Co-Founders of Hungry Eyes speak on the lack of film financing for BIPOC Filmmakers in Canada

Telefilm Canada, the country’s top film financier, has vowed to fix a two-tiered industry where privileged producers receive generous and automatic funding long kept out of reach of Canadian filmmakers from BIPOC communities.

“We’re being very mindful to not leave any voices behind and to support this impactful industry for today and for the future with, yes, an eye to equity and dismantling what would have been previously barriers to access,” Telefilm executive director Christa Dickenson tells The Hollywood Reporter.

Each year, Telefilm pours around $100 million into homegrown movie development, production and marketing on behalf of the federal government.

But Jennifer Holness, a screenwriter and producer with Hungry Eyes Films & Television, counters that maintaining a caste system led by privileged producers with guaranteed funding is at odds with Telefilm’s goal to support new film voices and producers at the bottom of the ladder for greater diversity and inclusion.

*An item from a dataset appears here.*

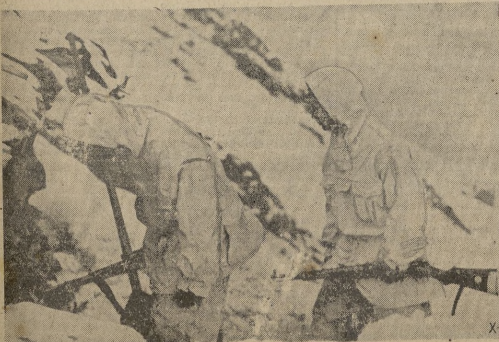
Los cazadores alemanes de Montaña en el Cáucaso vuelven a sus abrigados refugios después de rechazar el ataque ruso.

“Something has changed. The system has been designed to benefit them [Fast Track]. And if the system changes, we can be more equitable and tell better stories,” says Holness, who is also co-chair of the Canadian Independent Screen Fund for underrepresented content creators.”

Sudz Sutherland, director of the Canadian movies Love, Sex & Eating the Bones and the Tatyana Ali and C.C.H. Pounder-starrer Home Again, is typical of BIPOC filmmakers in having to helm U.S. series like Batwoman and The Flash shot north of the border or keep day jobs elsewhere in the industry to bide their time before getting back into the film director’s chair. “Put me in, coach. Take me off the bench and put me in, because I’ve been on the bench for a long time. And we’ve got a lot of talent on the bench that want to get into the game,” Sutherland says.